On a trip north last season carrying my new 16 A, I flushed a grouse, fired with the cylinder choked right bbl with no success, fired again and saw it come down with the XF left bbl. We looked for her until I was ready to agree that maybe I had missed twice, and at just that moment my dad almost trampled the bird as it busted out of a pile of dead grass, only able to fly about 3 feet in the air but still able to run like hell. He was finally able to secure it and as we celebrated the bird's resiliency, we noticed the central tail feathers were far shorter than those adjacent. This prompted sending the tail to the Game Commission who returned this email:
This bird had a tale to tell with that tail. He nearly became someone’s snack before you crossed his path. When the central tail feathers are plucked out from the base (as with a predator holding on to them as a bird escapes), they begin re-growing soon after.

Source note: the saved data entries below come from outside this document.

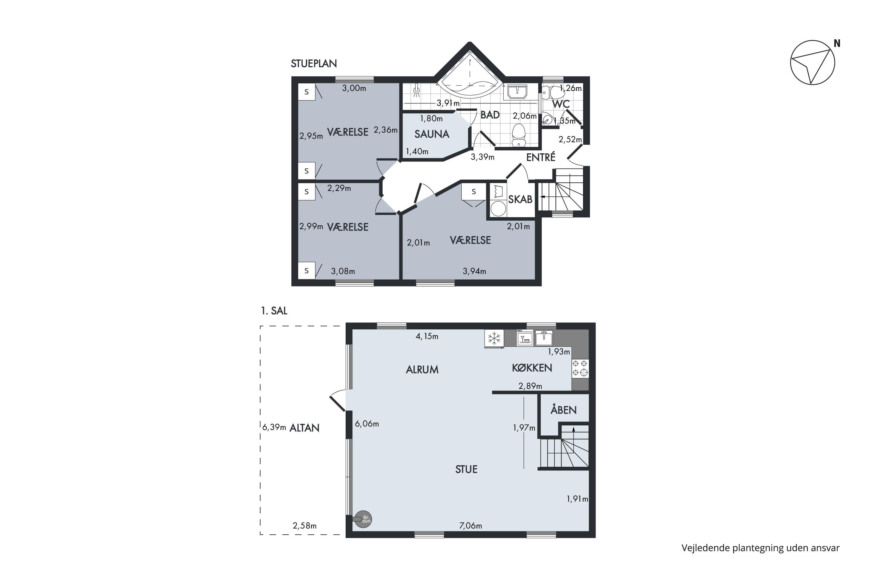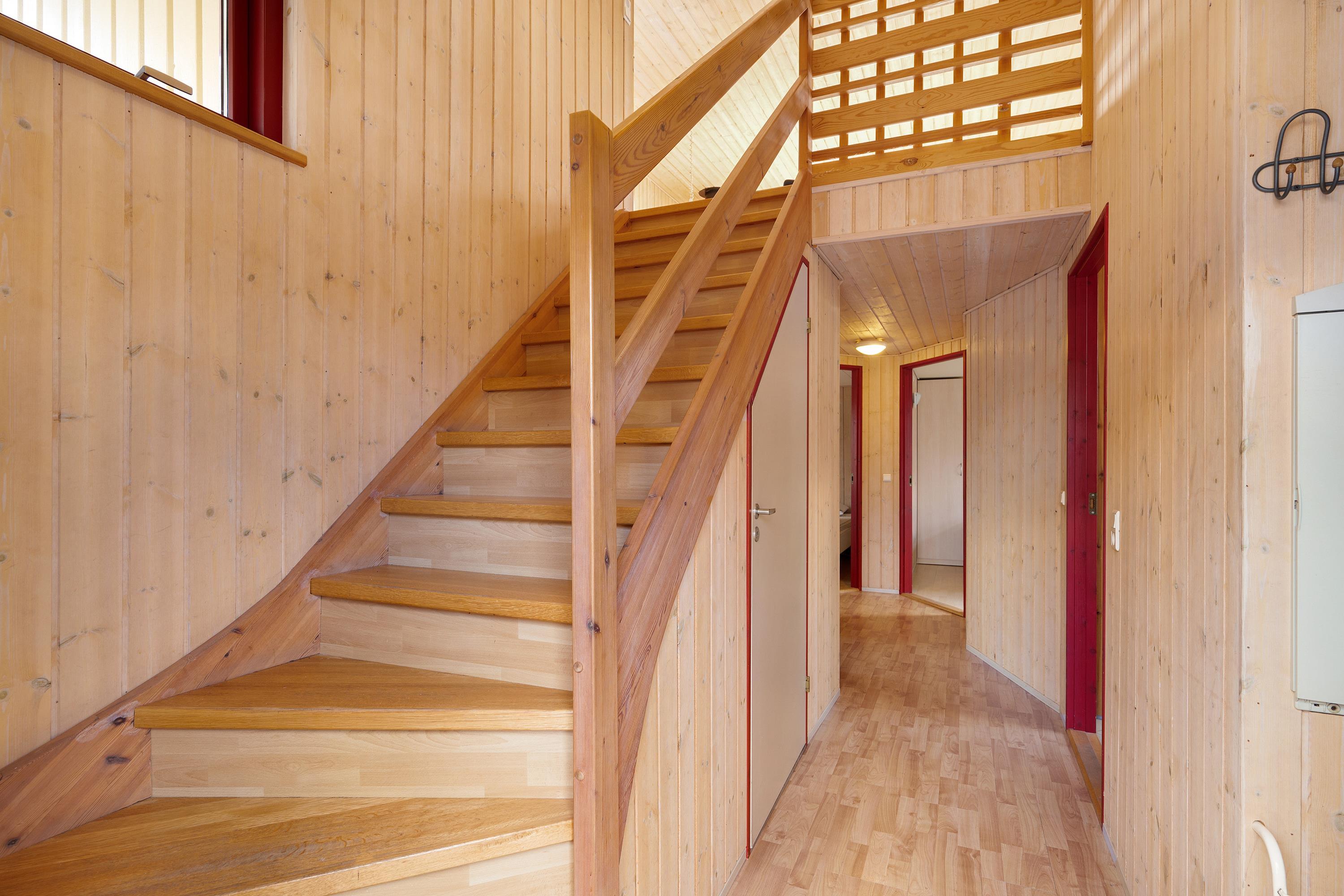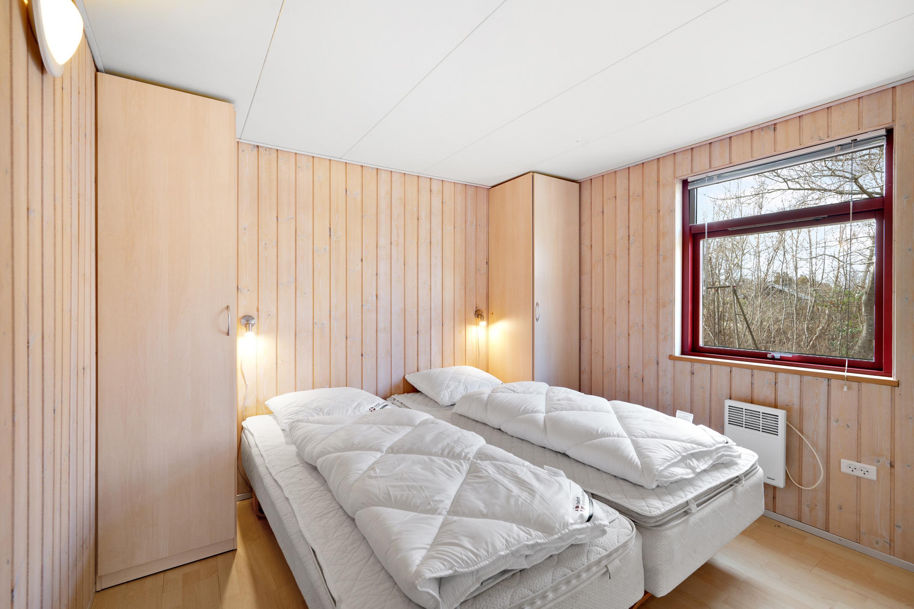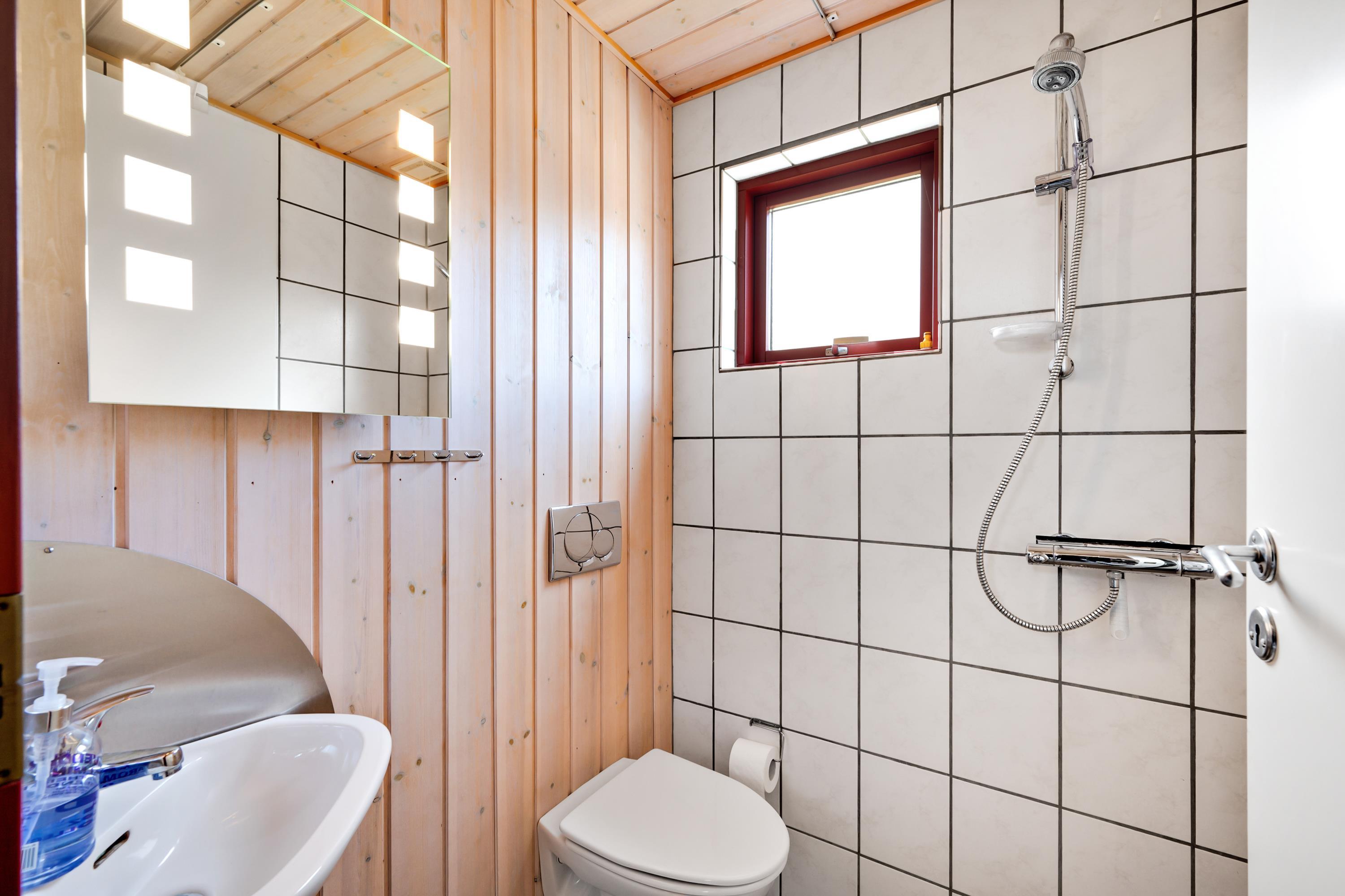 Kun 150 meter fra en af Jyllands bedste badestrande, finder man dette hyggelige feriehus i to plan. Soveafdelingen finder man i underetagen og her finder man 3 gode soveværelser; heraf to værelser med dobbeltsenge og et værelse med en dobbeltseng og en køjeseng. To gode badeværelser, hvoraf det ene indeholder et spabad samt adgang til sauna. Her er der også adgang til både vaskemaskine og tørretumbler. Fra entreen fører der en trappe op til 1. salen hvor man finder husets lyse stue med brændeovn og varmepumpe og hvorfra der er udgang til hyggelig terrasse med havemøbler. I forbindelse med stuen finder man køkkenafdelingen med b.la. opvaskemaskine. Der er både danske (inkl. TV2), tyske, norske og svenske kanaler i huset samt internet.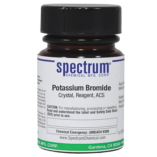 Potassium Bromide, Crystal, Reagents, ACS, CAS Number 7758-02-3, Molecular Weight 119, Chemical Formula KBr, Chemical Container Material Amber Glass, Chemical Container Type Bottle, Chemical Grade ACS, Chemical Container Size 25 g, Chemical Family Type Analytical Reagents, Shelf Life 24 mo, Shipping Restrictions Chemical Not Regulated For Transport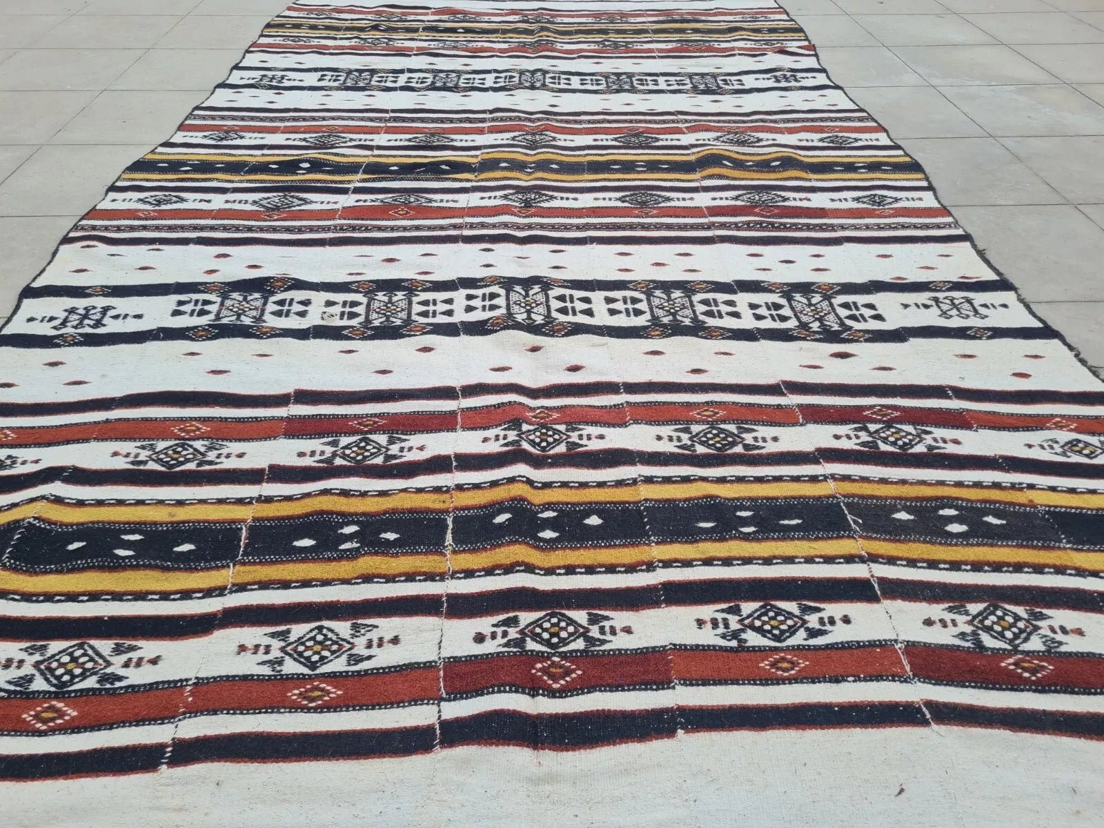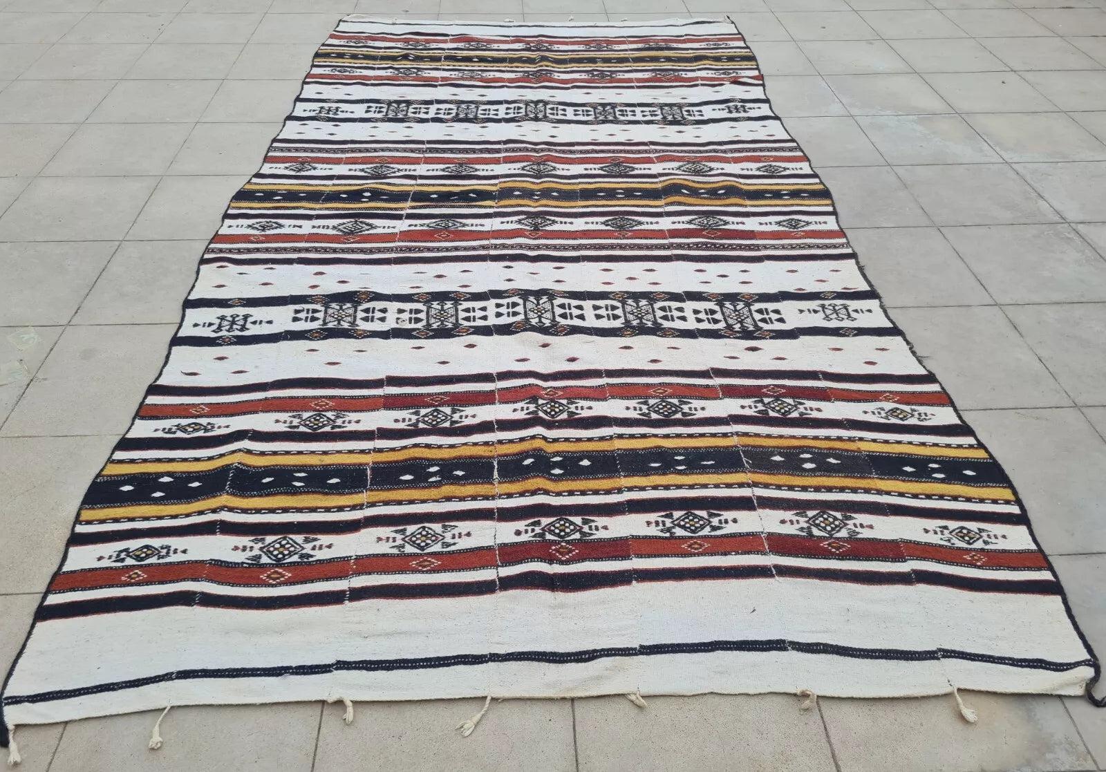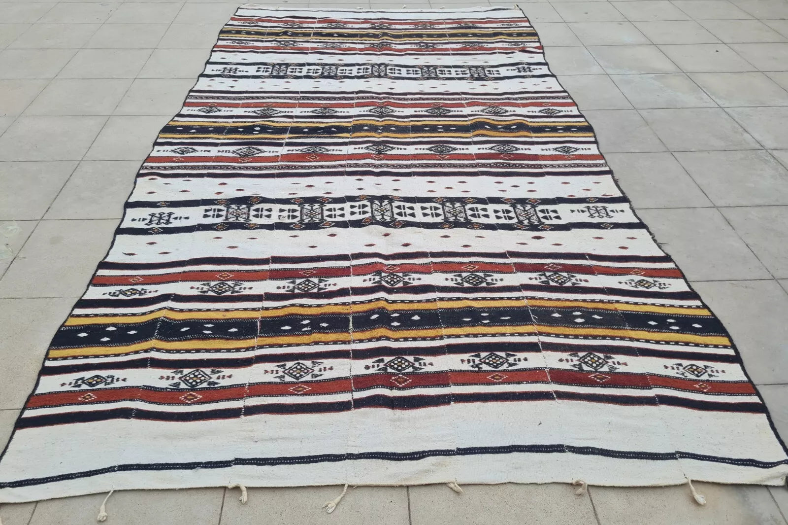 Authentic Hand Knotted Vintage Morocco Sumouk Kilim Wool Area Rug 8.5 x 4.7 Ft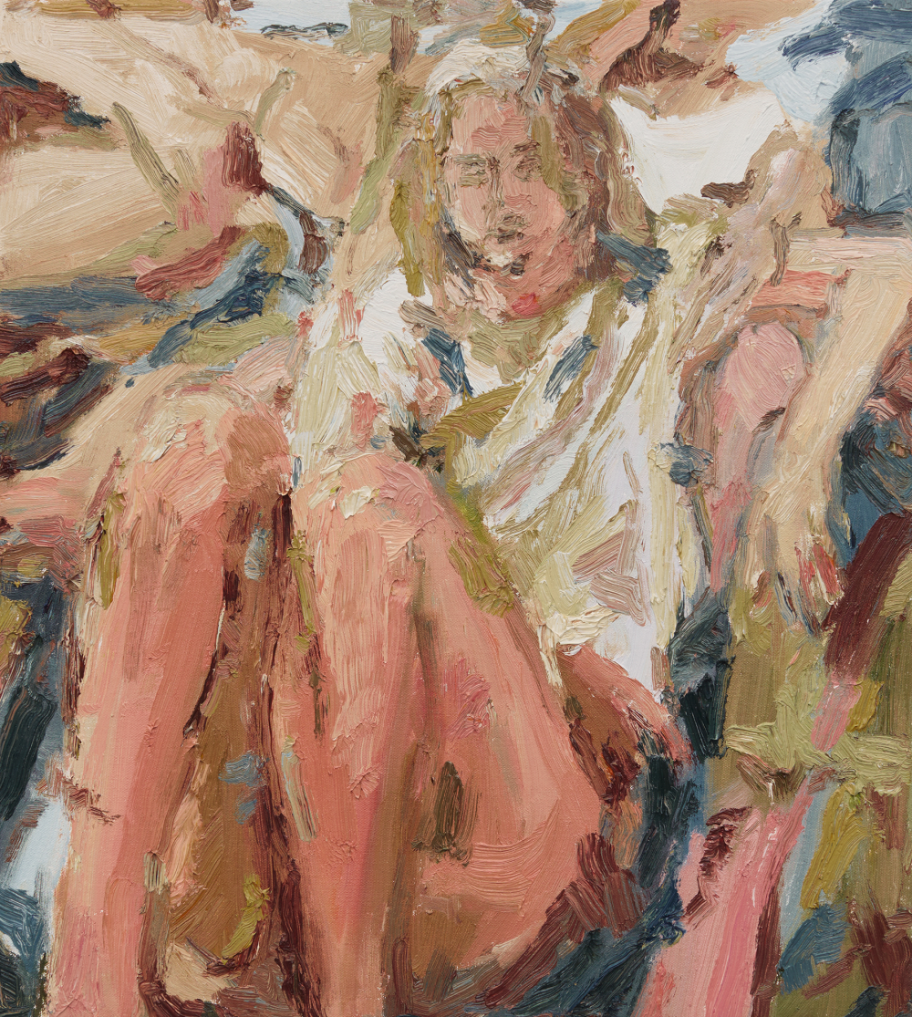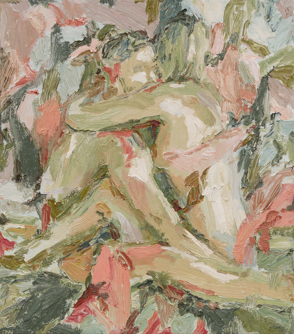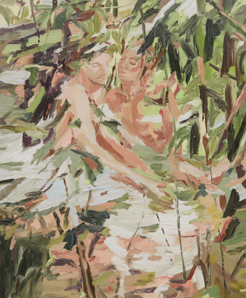 Mia’s technique, resting heavily on impasto painting and bold brushwork, unifies the bodies within her intoxicating environments. A uniform tonality helps break down the boundary between person and place, leading us to believe there is a force at work that binds them together - their emotions are caught in leaves, their thoughts in the wind. In applying lines of tension into every corner of the work, Mia encourages a full exploration of her paintings that spills from the figures in the foreground to the settings they reside within, with little suggestion of distinction between them.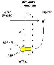 Bu elektrik gradiyenti H(+) iyonlarının mitokondri zarından tekrar matriks içerisine girmesine neden olur.Fakat H(+) iyonu, zarın içerisine gömülü olan kanal şeklindeki ATPaz enziminin içerisinden geçer. Bu geçiş esnasında ADP (Adenin tri fosfat) molekülü yapısına bir tane daha fosfor (P) bağlayarak ATP (Adenin tri fosfat) ' ye dönüşür.ADP den ATP sentezini gerçekleştiren enzim ise ATPaz dır.Bu enzim, membrana bağlı bir protein olup zarın bir yüzünden diğer yüzüne kadar uzanır.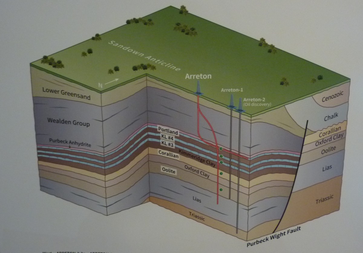 UKOG wants to drill one vertical and one sidetrack well at Arreton. They would explore for oil in the Portland limestone and other deeper formations. The application does not include high volume hydraulic fracturing.
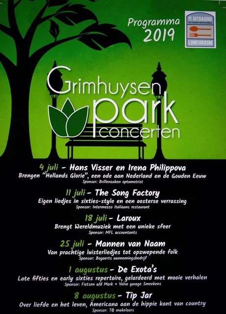 Na het succes van vorig jaar, vinden ook dit jaar de Grimhuysen Park concerten weer plaats in het park bij de Uitdaging. Ben jij van plan om te komen naar een van deze avonden? Bekijk dan snel het programma hieronder!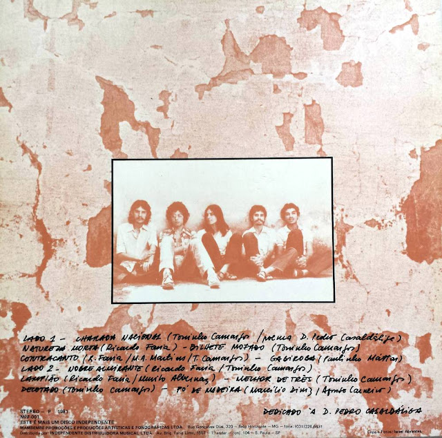 Olá amigos cultos e ocultos! Tenho hoje para vocês um disco muito bacana, produção independente feita aqui nas Geraes. Trata-se do primeiro e único disco do grupo Mambembe, formado em Belo Horizonte, em 1974. Durante os anos 70 o Mambembe participou dos mais importantes eventos, festivais e projetos musicais de Minas, entre eles o “Travessia – O canto dos mineiros”, que foi um trabalho coletivo reunindo vários artistas da terra em um disco e show no Palácio das Artes. Este lp, por sinal, já foi postado aqui no Toque Musical. O grupo era formado por Cadinho Faria, Murilo Albernaz, Toninho Camargos, Miguel Queiroz, Cláudia Sampaio, Rogério Leonel, Lina Amaral, Aldo Fernandes, Edson Aquino, Antônio Martins e Ana Iris Teixeira. Essa última viria mais tarde seguir em carreira solo com o nome de Titane. Em 1981 eles finalmente tiveram a chance de produzir e lançar este lp independente. Um disco muito bem elaborado, tanto na parte musical, quanto na parte gráfica. Quando gravaram este lp o grupo já estava reduzido a cinco membros. Este disco hoje se tornou objeto de desejo de muitos colecionadores, principalmente europeus e japoneses. Só neste ano eu vendi 4 dos seis que eu arrematei de um estoque de loja, ainda nos anos 90. Se soubesse quanto valeria este disco hoje, teria levado os que sobraram.
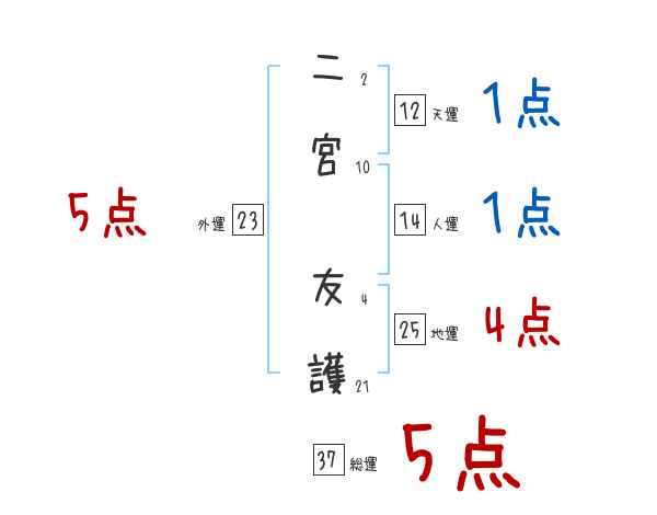 二宮友護さんの画数の鑑定結果

So they are shorter than the neighboring feathers and have an extensive blood sheath at base. This means your grouse had used up at least one of his lives before he flushed in front of your barrel.
If the tail feathers are broken off somewhere along the length (by say, struggling around in the brush), they do not re-grow until the following natural molt occurs so the bird would have broken off tail feathers, but not newly growing ones.
Here's to the mighty ruffed grouse - avoiding predators, dodging cylinder fox chokes, and damn near outlasting a search party.
A Fox Gets the (interesting) Game....
Re: A Fox Gets the (interesting) Game....
Very interesting bird find.
However, "everybody" knows you can't knock down a ruffed grouse with anything tighter than IC; be prepared for the naysayers!
However, "everybody" knows you can't knock down a ruffed grouse with anything tighter than IC; be prepared for the naysayers!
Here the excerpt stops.